Hurricane Maria Wrecks Puerto Rico

Hurricane Maria
Hurricane Maria (photo: Facebook)
By Faith MagbanuaSeptember 20th, 2017

Category 4 hurricane, Hurricane Maria, hits Puerto Rico on Wednesday morning.

The devastation happened as fast as it came and the typhoon ripped trees out of the ground while hammering two-thirds of the island with hurricane-force winds.

"This is total devastation," said Carlos Mercader, a spokesman for Puerto Rico's governor. "Puerto Rico, in terms of the infrastructure, will not be the same. ... This is something of historic proportions."
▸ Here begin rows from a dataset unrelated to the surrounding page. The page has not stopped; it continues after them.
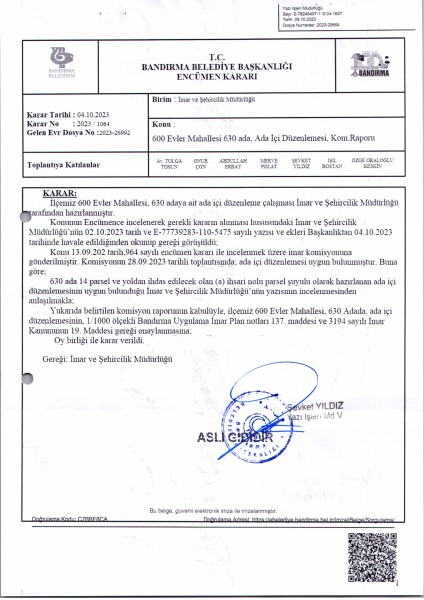 Belediye Encümeninin 04.10.2023 tarih ve 1064 sayılı Encümen kararı ile 600 Evler Mahallesi, 630 ada 14 parsele ait ada içi düzenlemesinin, 1/1000 ölçekli Bandırma Uygulama İmar Planı notlarının 137. Maddesi ve 3194 sayılı İmar Kanununun 19. maddesi gereği onaylanmasına,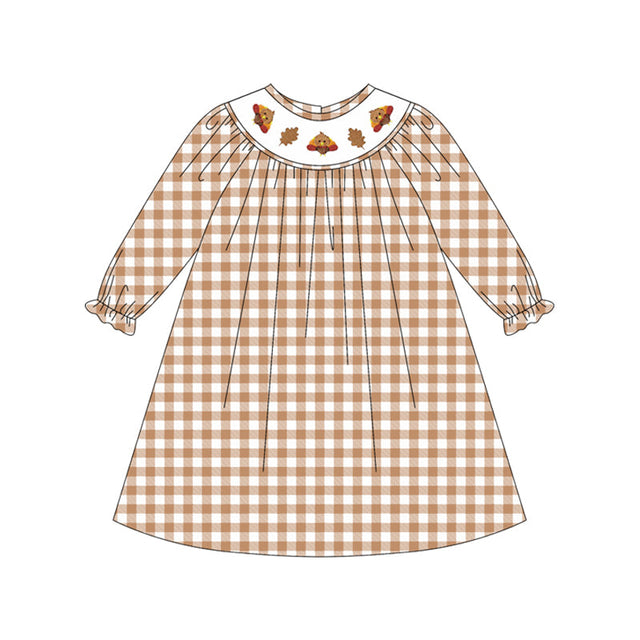Khaki plaid turkey smocked girls Thanksgiving dress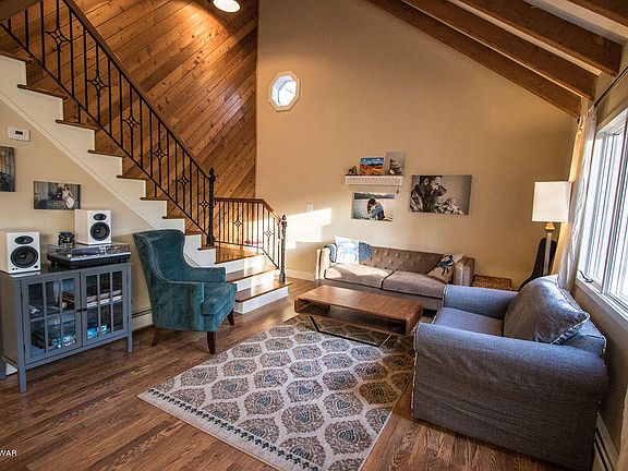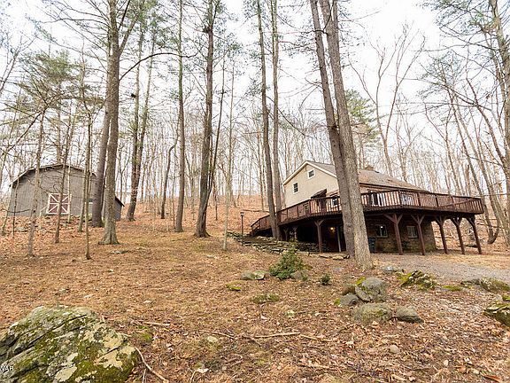 Move in condition chalet home plus large barn (27 x 27) for workshop, storage and more. This private oasis is perfect for getting in touch with nature and only a short walk to trails in the Delaware Water Gap. Features include 3 bedroom, 2 full baths, open floor plan, large family room plus a spacious wrap around deck for entertaining. Updates and Upgrades throughout. Convenient to Milford Rd and NJ commutes.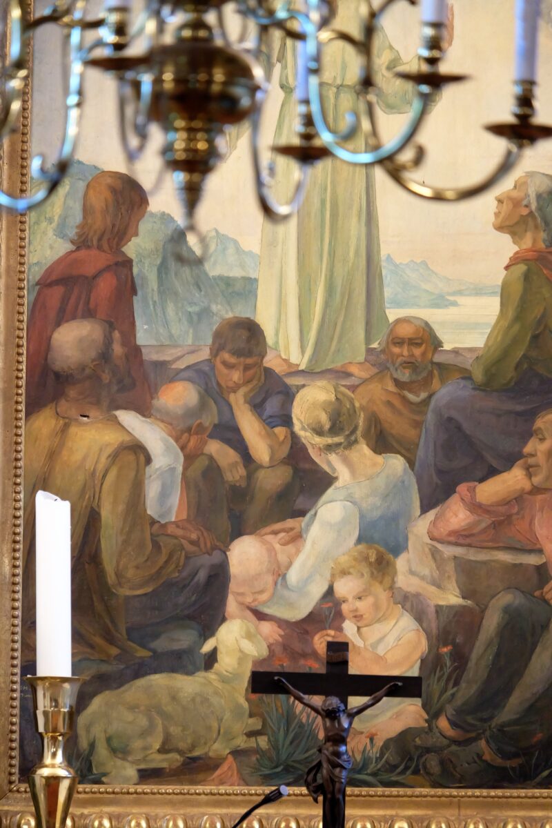 Auf dem Altarbild des Künstlers Carl Max Schultheiß aus Nürnberg, sollen die damaligen Kirchenvorstände Riebl, Weidner, Beutner und Wölfinger abgebildet sein. Auffällig ist bei dem Bild auch, dass es wohl ursprünglich größer war, als passend. Denn die gemalten Personen sind teils nur zur Hälfte zu sehen, oder sehr nah am Rand platziert.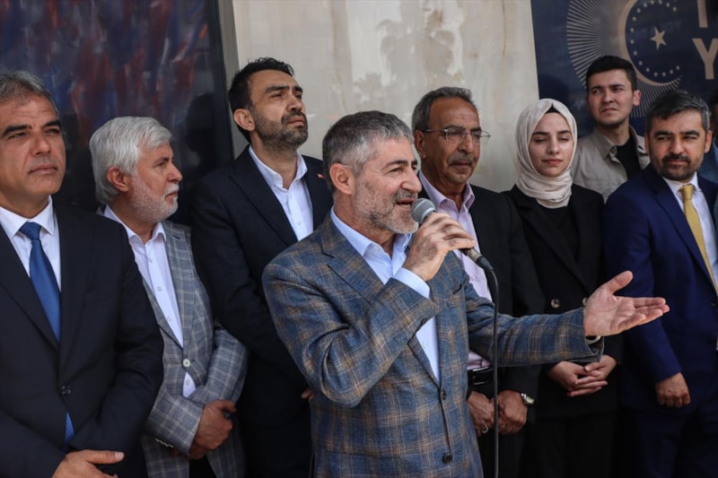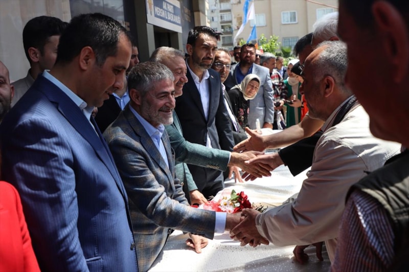 AK Parti'nin Mersin milletvekili adayı Hazine ve Maliye Bakanı Nureddin Nebati, partisinin il başkanlığı binasında düzenlenen programda, teşkilat üyelerinin bayramını kutladı.

At the present time, Maria has killed seven people on the Caribbean island nation of Dominica according to Gaston Browne, the Prime Minister of Antigua and Barbuda. Browne said he had been communicating with the Prime Minister of Dominica, Roosevelt Skerrit, whose own house was shredded by the storm.

Maria made landfall in Puerto Rico on Wednesday near the city of Yabucoa with winds of 155 mph according to the National Hurricane Center. By 10 a.m., those winds had weakened to 145 mph, but Maria was still a Category 4 hurricane capable of ripping roofs off houses.
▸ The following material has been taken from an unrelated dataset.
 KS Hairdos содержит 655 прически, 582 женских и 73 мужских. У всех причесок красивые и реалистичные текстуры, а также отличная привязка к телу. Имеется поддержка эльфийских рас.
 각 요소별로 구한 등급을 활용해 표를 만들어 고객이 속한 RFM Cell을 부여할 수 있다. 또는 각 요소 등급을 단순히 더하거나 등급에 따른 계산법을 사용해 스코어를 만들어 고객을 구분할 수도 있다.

The storm was so fierce, it broke two National Weather Service radars on the island.

Meanwhile, calls for rescue immediately started pouring in -- but to no avail.
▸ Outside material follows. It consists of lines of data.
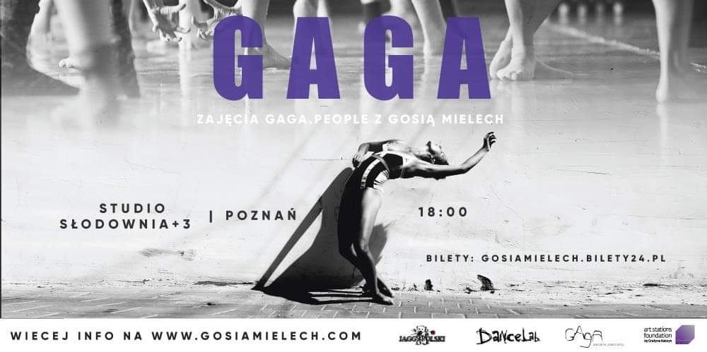 Zapraszamy na odbywające się cyklicznie zajęcia Gaga/people o godzinie 18.00, w Stary Browar Nowy Taniec, w przepięknym Studio Słodownia + 3, w Poznaniu. *Niepotrzebne jest jakiekolwiek doświadczenie z tańcem, aby wziąć udział zajęciach Gaga/people. Jedyne regularne zajęcia Gaga z Gosią Mielech w Poznaniu! Gaga jest językiem ruchowym opracowanym na przestrzeni wielu lat przez Ohada Naharina i stosowanym w codziennym treningu i praktyce tanecznej Batsheva Dance Company (Tel Aviv). Język Gaga jest nieustannie rozwijany i pogłębiany, opiera się na przekonaniu, że ruch ma leczącą, dynamiczną i nieustannie zmieniającą się moc. Gaga podnosi świadomość własnych fizycznych słabości, przebudza odrętwiałe obszary ciała, obnaża fizyczne zafiksowania...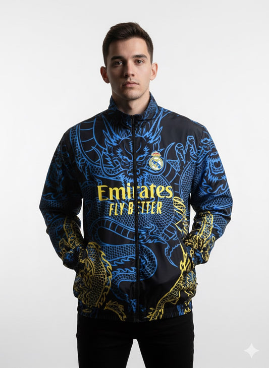 جاكيت ريال مدريد اسود وازرق مطري خفيف ✅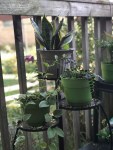 A little breeze moves along and through the property; the wind chimes are tinkling a bit with the sounds of birds, traffic from the other side of the house, an occasional bark from Chief to passers by, and a bit of construction next door in he high school’s new auditorium. Now and then, a nice gust surprises the yard, startling the chimes into a frenzied dance.

"First responders cannot go out there," Mercader said, echoing the governor's earlier warning that emergency crews wouldn't go outside in winds stronger than 50 mph.

Maria was expected to create widespread power outages across Puerto Rico. Shortly after landfall, the hurricane had wiped out power in the east coast city of Fajardo and thousands of Puerto Ricans heeded calls to go to emergency shelters. "As of 2:30 a.m. we count 10,059 refugees and 189 pets (in shelters)," the island's governor, Ricardo Rosselló, tweeted.

Category 4 hurricane

Maria became the first hurricane of Category 4 strength or higher in nearly 80 years to hit the US territory, which is home to 3.3 million people while warning of storm surges of 6 to 9 feet were expected.

Residents crouched down in their homes and shelters ahead of the direct impact of the typhoone, others in the most vulnerable, low-lying, flood-prone areas were evacuated.

Meanwhile, Puerto Rico Convention Center in San Juan -- which was still housing Hurricane Irma evacuees from other Caribbean islands -- is preparing to accept thousands more residents who wish to evacuate.

According from a statement given by BBC's Derek Van Dam "A lot of people remember or have heard of the storms that hit in 1928 and 1930. Well, guess what? This could pale those in comparison. ... It will go down in the record books."